[Excerpts from a dataset]
————
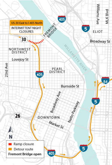 U.S. 30 to I-405 north and U.S. 30 to I-405 south will not close at the same time. Signs will direct drivers to detour routes shown below.
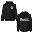Front, back and sleeve designs on black jacket
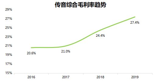 2019年,传音控股综合毛利率达到27.4%,较去年同期提升3个百分点,连续第三年保持提升态势。其中,手机业务毛利率较去年同比增加3.41个百分点,至27.68%。
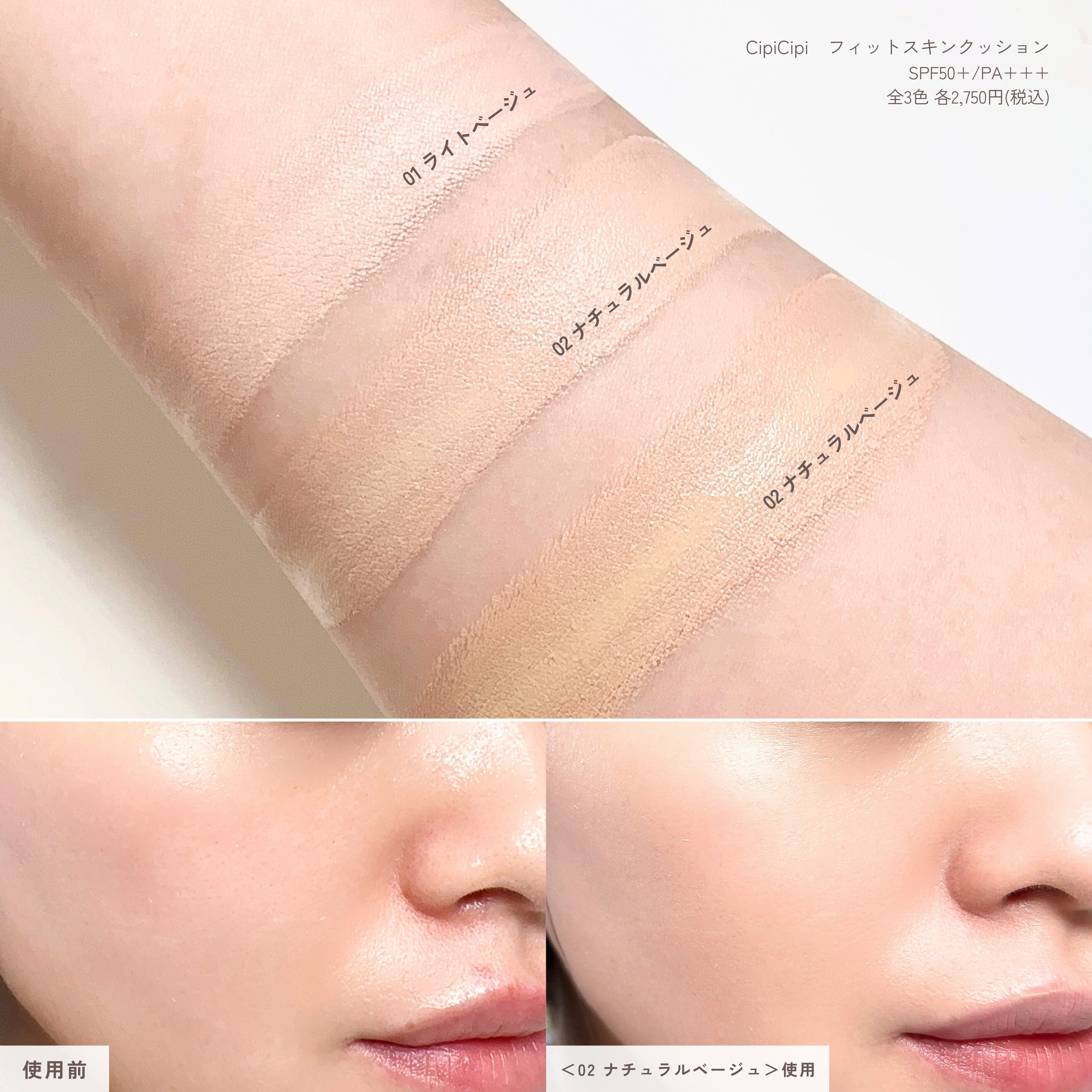 Amazon公式 CipiCipiシピシピフィットスキンクッション 02 Natural Beige 15gクッションファンデーション 崩れにくい カバー力CipiCipi シピシピパウダーファンデーション 通販。
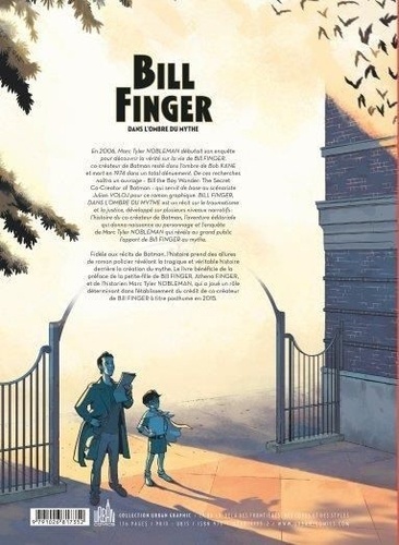 En 2006, Marc Tyler Nobleman débutait sa quête pour en savoir plus sur le co-créateur rarement cité de Batman. L'homme qui a créé la quasi-totalité de la mythologie entourant l'un des super-héros les plus emblématiques de l'histoire est mort dans la pauvreté en 1974. "Bill Finger, dans l'ombre du mythe" est un roman graphique sur la quête de Nobleman, c'est une histoire sur le traumatisme et la justice racontée à différents niveaux narratifs. Il y a la recherche de Nobleman, qui retrace la véritable histoire derrière le Chevalier Noir. Il y a ensuite l'histoire de Bill, sa rencontre avec Bob Kane, son travail et ses difficultés dans l'industrie de la bande dessinée, sa dépression alors que Kane, considéré comme l'unique créateur de Batman, est sous les feux de la rampe. Ensuite, il y a l'histoire du fils de Bill qui tente en vain de rétablir l'héritage de son père tout en luttant contre sa propre sexualité et, plus tard, contre le VIH. Enfin, il y a l'histoire d'Athena, la petite-fille de Bill, dont personne ne croit que son grand-père est le co-créateur de Batman. Fidèle aux récits de Batman, l'histoire prend des allures de roman policier révélant la tragique et véritable histoire derrière la création de Batman. Le livre bénéficie d'une préface de la petite-fille de Finger, Athena Finger, et de l'historien Marc Tyler Nobleman, qui a joué un rôle déterminant dans l'établissement du crédit de co-créateur de Finger à titre posthume en 2015.
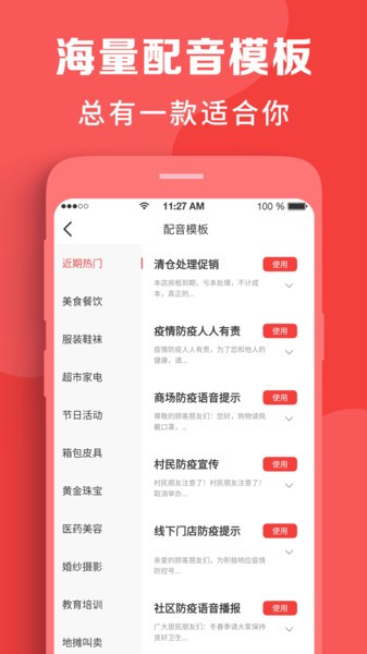 配音文字转语音一款文字转语音的专业配音软件,只需要输入文字就可以把文字转成语音,适用于商场店铺广告促销配音、地摊叫卖录音制作、英语听力音频制作、有声朗读等多种场景配音。在线文字转语音,各种配音主播任你挑选,支持调节音量、语速和音调,还能添加背景音乐,免费提供海量配音模板。
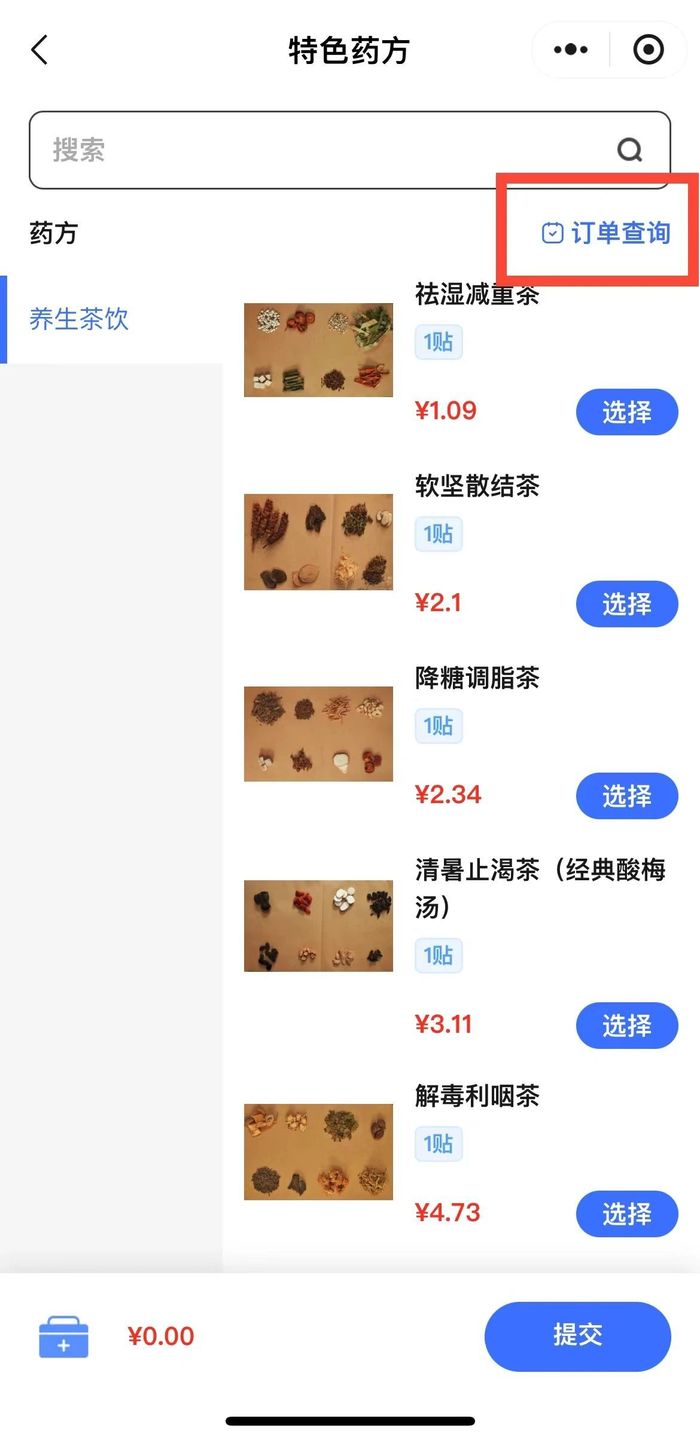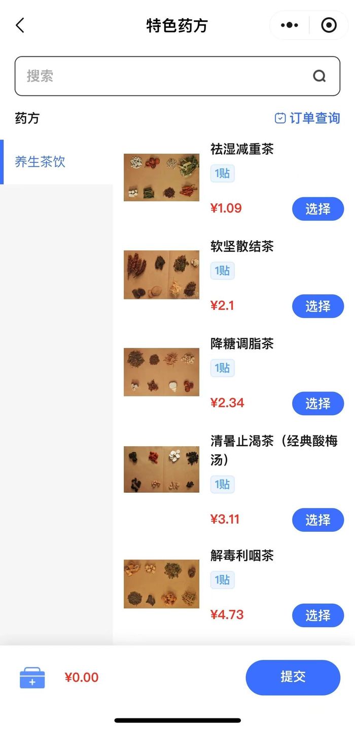 2.点击【养生茶饮】按需选择,并阅读药方详情;
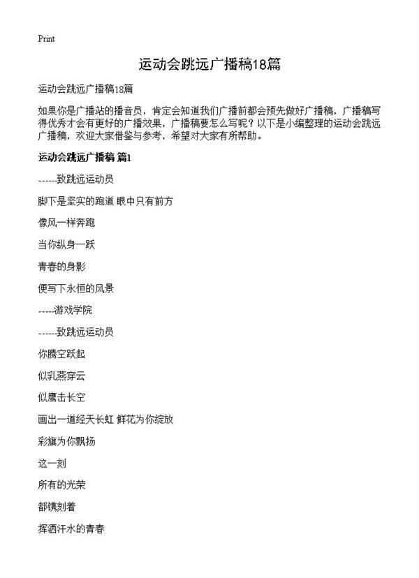 运动会跳远广播稿18篇 跳得更远吧,跨过崭新里程碑——我在这里等你,用我嫩绿诗句,装点你鲜艳胜利!秋风飒爽,含载了多少人期盼与等待。为着能与胜利经历一次美丽邂逅;为着能与冠军经历一回动人相遇;为着,心中梦想——那不熄拼搏之焰:燃烧斗志,铸就辉煌!此刻跳跃或许只是生命短暂一瞬,却如昙花一般绚烂开放,记忆走进青春,常驻!选择跳跃,选择呐喊与欢呼交织舞台,运动律动生生不息;选择跳跃,选择汗水与泪水浇灌沃野,生命绿草丰茂浓密。跳得更远吧,跨过崭新里程碑——我在这里等你,用我嫩绿诗句,装点你鲜艳胜利!跳远,选
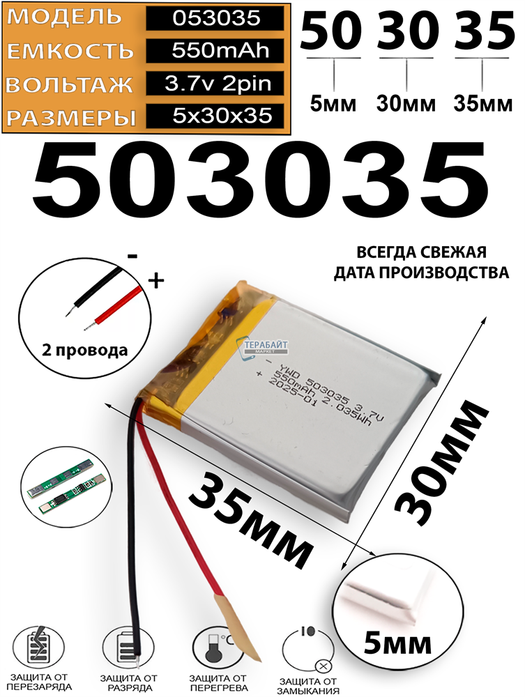 Аккумулятор 3.7v 550mAh 5x30x35 / 503035 / 35мм на 30мм на 5мм
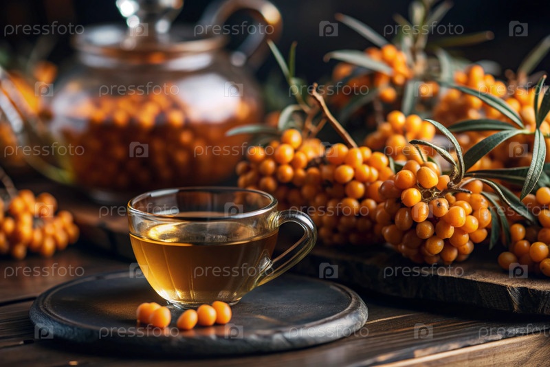 Здоровая, спелая ягода морского гречневого терна в ближайшем плане.Витамин, оранжевый, осенний, сезонный чай из ягод морского гречневого терна на темном фоне.Яблочный чай для иммунной системы
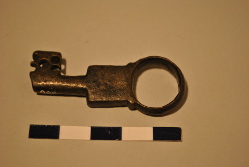 Chiave a mandata con anello circolare e stelo di forma inizialmente rettangolare. Innesto tubolare, cavo. Elemento trasversale di forma rettangolare, dotato di cinque piccoli fori.
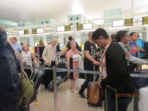 6月3日11時、スペイン・バルセロナ空港に到着した。 広さ、その他、他の空港と変わらない。 ランプウエイを走行し、搭乗ブリッジへ。ブリッジからの撮影。 乗客の後をついてバゲージクレームへ。 乗客は観光客のようなラフな人が多い。 飛行機はバルセロナの…
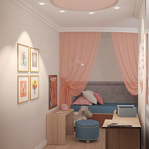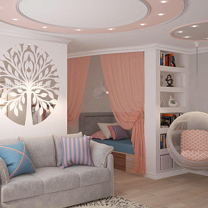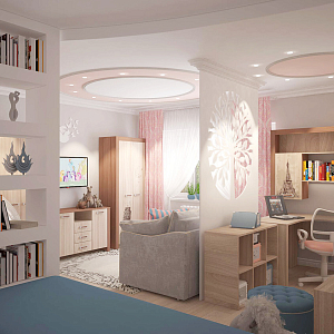 Интерьер гостиной с аркой, подсветкой светодиодной, проемом, рейками с подсветкой, с детской и с подсветкой в современном стиле, проект «Детская в микрорайоне Южный» №2
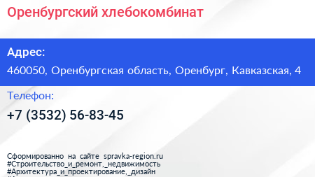 Оренбургский хлебокомбинат по адресу 460050, Оренбургская область, Оренбург, Кавказская, 4 в дальнейшем Организация, размещена в следующих категориях:
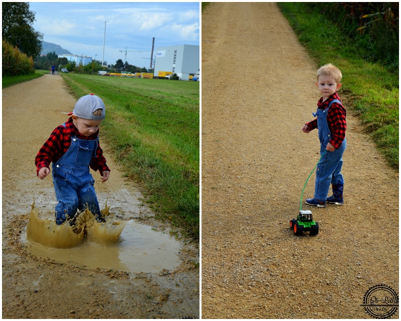 – pozwalam małemu taplać się w kałużach, mieszać i ryć rączkami (zabieram wtedy buty na przebranie bo kalosze pływają 🙂 )
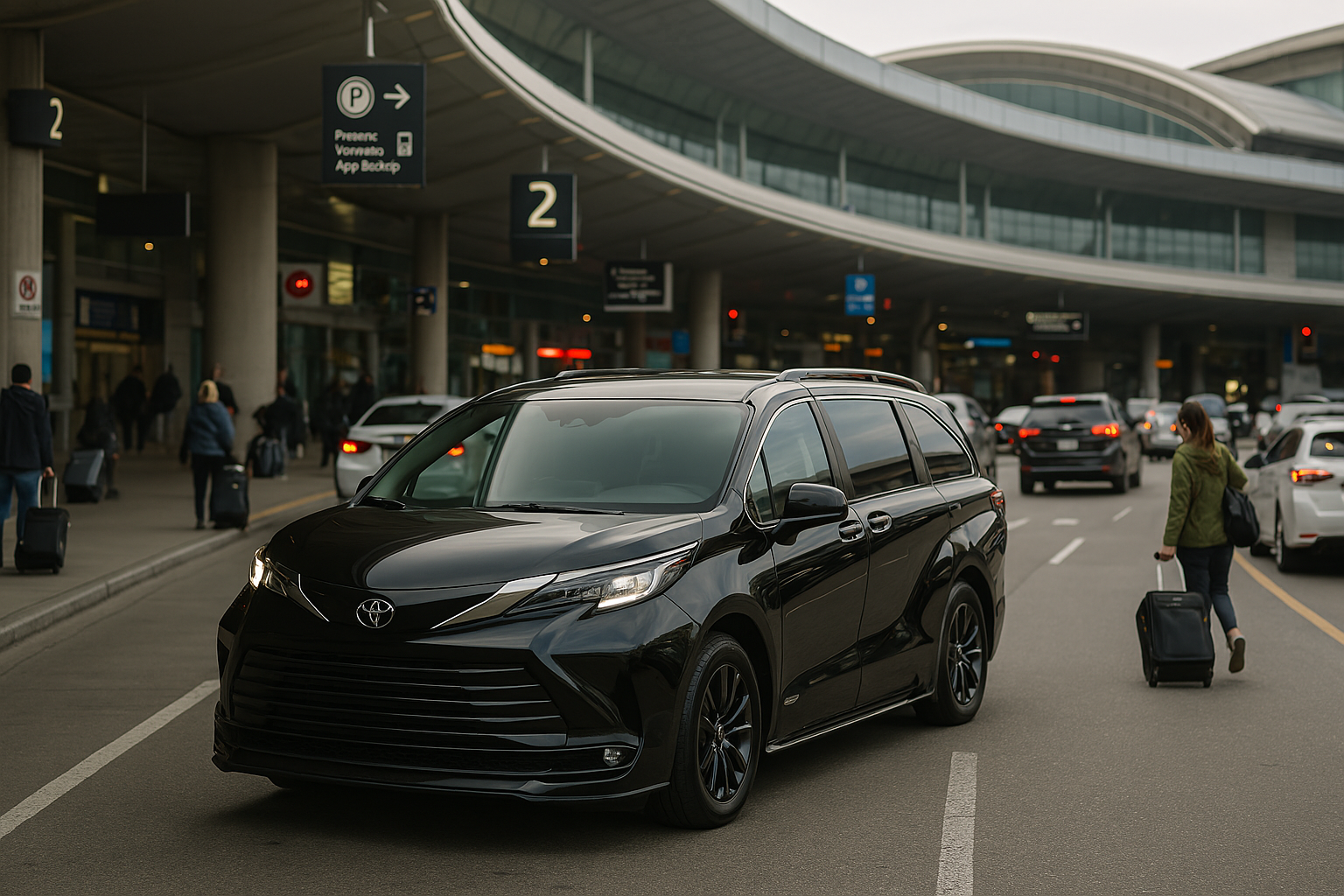 Our modern airport taxi vans accommodate 6-8 passengers with ample luggage space. Perfect for group airport transportation, family travel, and corporate transfers to Toronto Pearson, Billy Bishop, and Hamilton airports.
————
Problem details |
Restate the data exactly, though only from the line that contains "运动会跳远广播稿18篇 跳得" through its last line, both ends included and with the pictures left out.

Answer for this exercise |
 运动会跳远广播稿18篇 跳得更远吧,跨过崭新里程碑——我在这里等你,用我嫩绿诗句,装点你鲜艳胜利!秋风飒爽,含载了多少人期盼与等待。为着能与胜利经历一次美丽邂逅;为着能与冠军经历一回动人相遇;为着,心中梦想——那不熄拼搏之焰:燃烧斗志,铸就辉煌!此刻跳跃或许只是生命短暂一瞬,却如昙花一般绚烂开放,记忆走进青春,常驻!选择跳跃,选择呐喊与欢呼交织舞台,运动律动生生不息;选择跳跃,选择汗水与泪水浇灌沃野,生命绿草丰茂浓密。跳得更远吧,跨过崭新里程碑——我在这里等你,用我嫩绿诗句,装点你鲜艳胜利!跳远,选
 Аккумулятор 3.7v 550mAh 5x30x35 / 503035 / 35мм на 30мм на 5мм
 Здоровая, спелая ягода морского гречневого терна в ближайшем плане.Витамин, оранжевый, осенний, сезонный чай из ягод морского гречневого терна на темном фоне.Яблочный чай для иммунной системы
 Chiave a mandata con anello circolare e stelo di forma inizialmente rettangolare. Innesto tubolare, cavo. Elemento trasversale di forma rettangolare, dotato di cinque piccoli fori.
 6月3日11時、スペイン・バルセロナ空港に到着した。 広さ、その他、他の空港と変わらない。 ランプウエイを走行し、搭乗ブリッジへ。ブリッジからの撮影。 乗客の後をついてバゲージクレームへ。 乗客は観光客のようなラフな人が多い。 飛行機はバルセロナの…
 Интерьер гостиной с аркой, подсветкой светодиодной, проемом, рейками с подсветкой, с детской и с подсветкой в современном стиле, проект «Детская в микрорайоне Южный» №2
 Оренбургский хлебокомбинат по адресу 460050, Оренбургская область, Оренбург, Кавказская, 4 в дальнейшем Организация, размещена в следующих категориях:
 – pozwalam małemu taplać się w kałużach, mieszać i ryć rączkami (zabieram wtedy buty na przebranie bo kalosze pływają 🙂 )
 Our modern airport taxi vans accommodate 6-8 passengers with ample luggage space. Perfect for group airport transportation, family travel, and corporate transfers to Toronto Pearson, Billy Bishop, and Hamilton airports.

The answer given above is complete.